Piquira
- Conservation status: FAO (2007): not listed; DAD-IS (2026): not at risk ;
- Country of origin: Brazil
- Standard: Associação Brasileira dos Criadores do Cavalo Pônei (in Portuguese)
- Use: riding;

Traits
- Weight: Male: 180 kg; Female: 160 kg;
- Height: Male: 122 cm; Female: 120 cm;
- Colour: any but pseudo-albino

= Piquira =

Brazilian breed of horse

The Piquira or Piquira Pônei is a Brazilian breed of small horse or pony. It is one of the thirteen horse breeds recognised as Brazilian by the Empresa Brasileira de Pesquisa Agropecuária, the national organisation for agricultural research, and is one of the four marcha breeds – horses which perform ambling gaits instead of a trot – of Brazil; the others are the Campolina, the Mangalarga Marchador and the Pampa.

== History ==

A general breed society for ponies in Brazil – the Associação Brasileira dos Criadores dos Cavalos Piquira e Pônei – was formed in 1970, and a stud-book for the Piquira was started in the same year; the name of the society was later changed to Associação Brasileira dos Criadores do Cavalo Pônei.

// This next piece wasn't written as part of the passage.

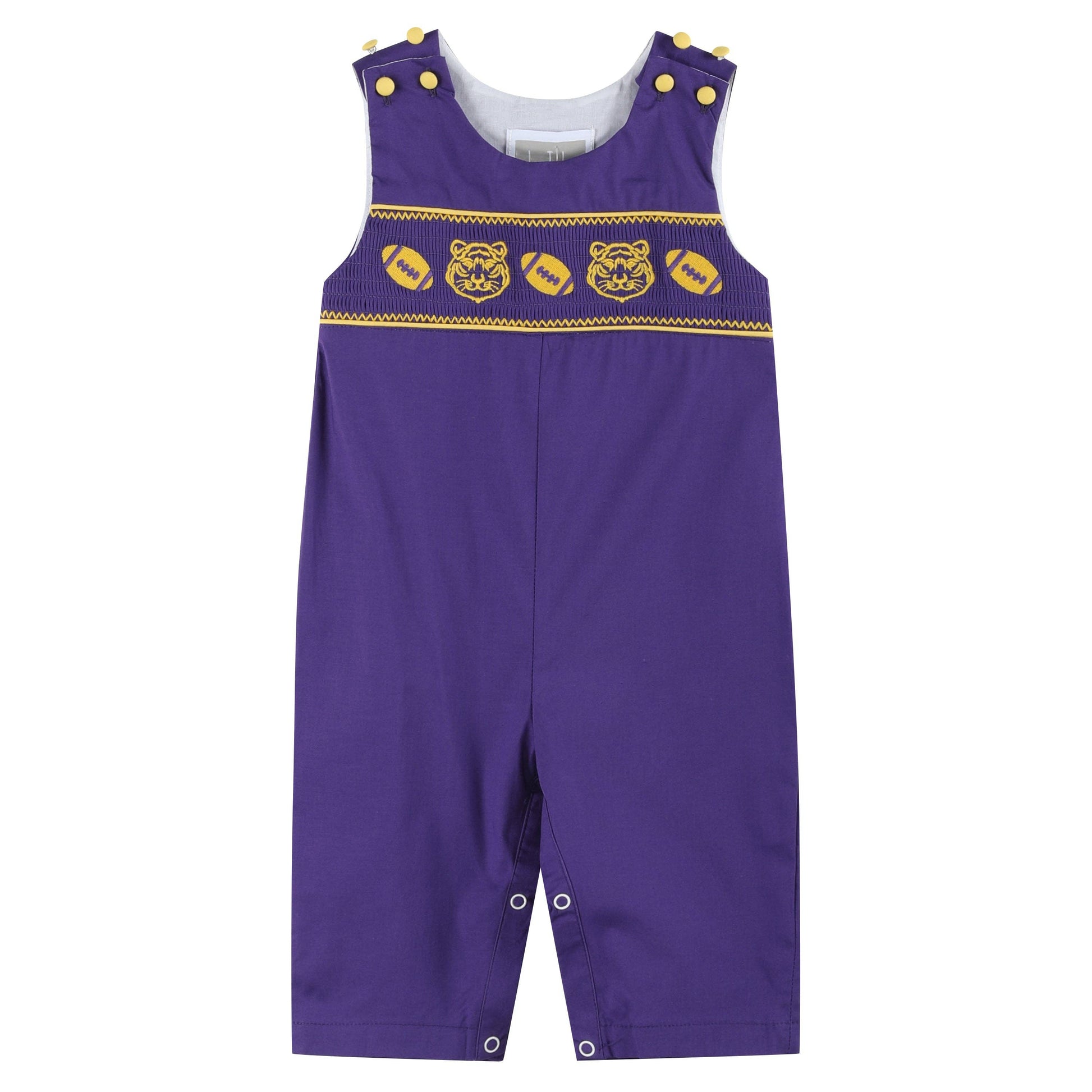 Get ready for a touchdown of cuteness with our Purple and Gold Football and Tiger Smocked Overalls! Featuring adorable smocking on the chest and playful embroidery of footballs and tigers, this outfit is a winning play for your little quarterback. Kick off the fun with style in these charming football-themed overalls, perfect for your tiny sports enthusiast

The conservation status of the Piquira was not listed by the Food and Agriculture Organization of the United Nations in its publication The State of the World's Animal Genetic Resources for Food and Agriculture in 2007. In 2026 the breed was listed in the DAD-IS database as 'not at risk', based on a total population reported for 2024 of 34175, with 22573 brood-mares and 11602 active stallions.

== Characteristics ==

The Piquira is a small horse or pony. The height at the withers should be in the range 115±to cm for mares and 115±to cm for stallions and geldings, with average heights of 120 cm and 122 cm respectively; the corresponding average body weights are 160 kg and 180 kg. The coat may be of any colour or pattern other than pseudo-albino; horses with unpigmented eyes or unpigmented skin are not eligible for registration.

Like the other marcha ('ambling') breeds of Brazil – the Campolina, the Mangalarga Marchador and the Pampa – the Piquira does not trot but instead performs either of two types of marcha – the marcha batida and the marcha picada – in both of which (unlike the trot and the pace) hoof contact with the ground is maintained at all times. In the marcha batida pairs of hooves in contact with the ground at the same time are usually diagonally opposed, with a mean interval between footfalls of about 0.19 s. The marcha picada is a lateral gait, with the pairs of hooves in contact usually on the same side of the horse; the mean interval between contacts is shorter, at about 0.12 s. Some three-point contacts occur in both gaits.